- _SUPPLIED DATA_
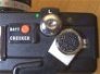 ![]() | 発売年:1977年レンズ:COLOR RIKENON 40mm/F2.8 サイズ:110×70×58mm シャッター速度:B・1/8〜1/500秒 重量:約440g 電池:H-C(MR44)型水銀電池 1個 当時価格:25800円 シャッタースピード優先EEまたはマニュアル可能の距離計連動式カメラ。このサイズと重さで、マニュアル操作可能とは魅力的。軍艦部にはバッテリーチェッカーやレリーズロック、シャッターチャージインジケータなど機械的に興味深い機構がついている。マニュアル操作時にはファインダー内にMの表示が出るだけではなく、露出計も機能する。(バルブにすると露出計はOFFになる)また、前面にある多重露出撮影用のスイッチが珍しい。 |
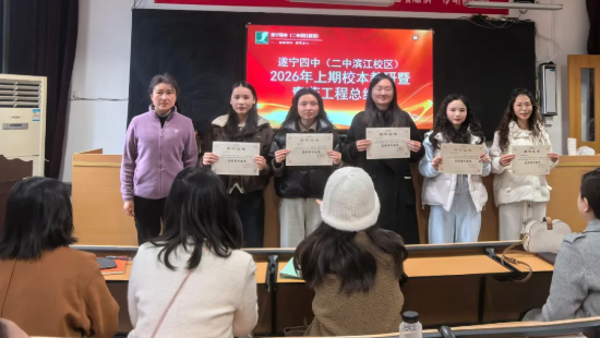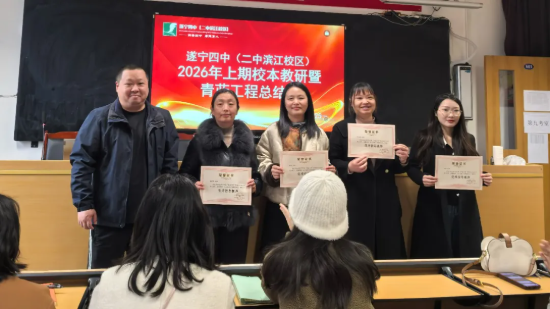 春归万物生,风暖启新程。为总结校本教研经验,深化“青蓝工程”传帮带作用,助力教师队伍高质量发展,2026年2月25日,遂宁四中(二中滨江校区)在学校会议室召开了2026年春季校本教研暨青蓝工程总结会。全体行政干部、教研组长、备课组长、35岁以下青年教师及2024-2025学年度指导教师参加了会议。
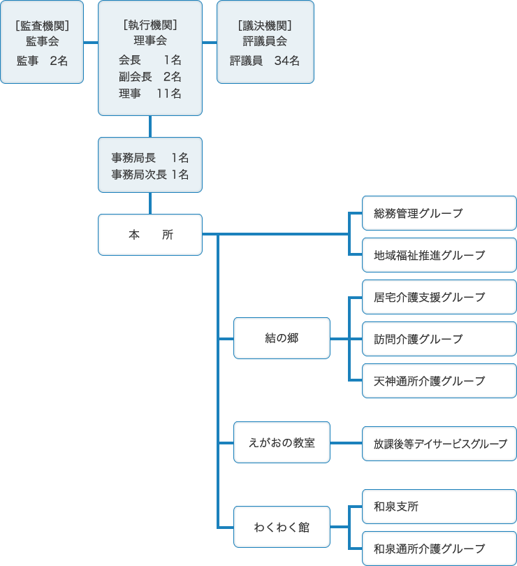 | 役員 | 理事8名、 監事2名、 評議員16名 |
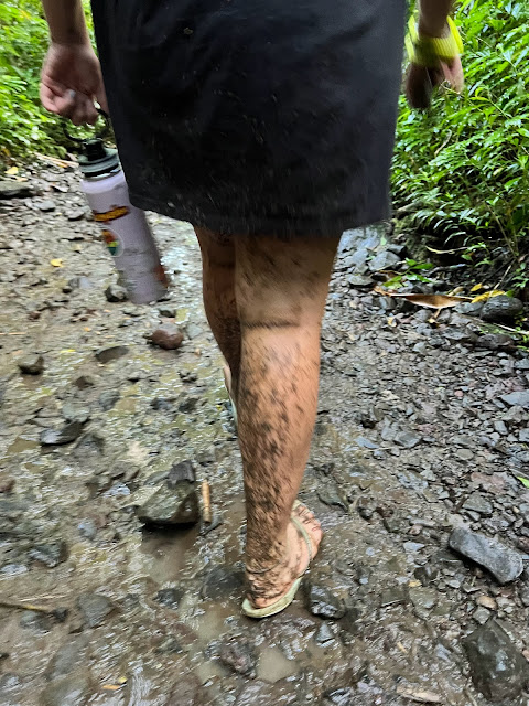 I don't know how Maisie survived, but she hiked on all those rocks in her slippas! Every flip-flop-step flicked more and more mud onto her legs.

- _WHAT YOU NEED TO DO_
Please reproduce all the material exactly. Pictures stay out of the copy.

- _THE ANSWER_
 ![]() | 発売年:1977年レンズ:COLOR RIKENON 40mm/F2.8 サイズ:110×70×58mm シャッター速度:B・1/8〜1/500秒 重量:約440g 電池:H-C(MR44)型水銀電池 1個 当時価格:25800円 シャッタースピード優先EEまたはマニュアル可能の距離計連動式カメラ。このサイズと重さで、マニュアル操作可能とは魅力的。軍艦部にはバッテリーチェッカーやレリーズロック、シャッターチャージインジケータなど機械的に興味深い機構がついている。マニュアル操作時にはファインダー内にMの表示が出るだけではなく、露出計も機能する。(バルブにすると露出計はOFFになる)また、前面にある多重露出撮影用のスイッチが珍しい。 |
 春归万物生,风暖启新程。为总结校本教研经验,深化“青蓝工程”传帮带作用,助力教师队伍高质量发展,2026年2月25日,遂宁四中(二中滨江校区)在学校会议室召开了2026年春季校本教研暨青蓝工程总结会。全体行政干部、教研组长、备课组长、35岁以下青年教师及2024-2025学年度指导教师参加了会议。
 | 役員 | 理事8名、 監事2名、 評議員16名 |
 I don't know how Maisie survived, but she hiked on all those rocks in her slippas! Every flip-flop-step flicked more and more mud onto her legs.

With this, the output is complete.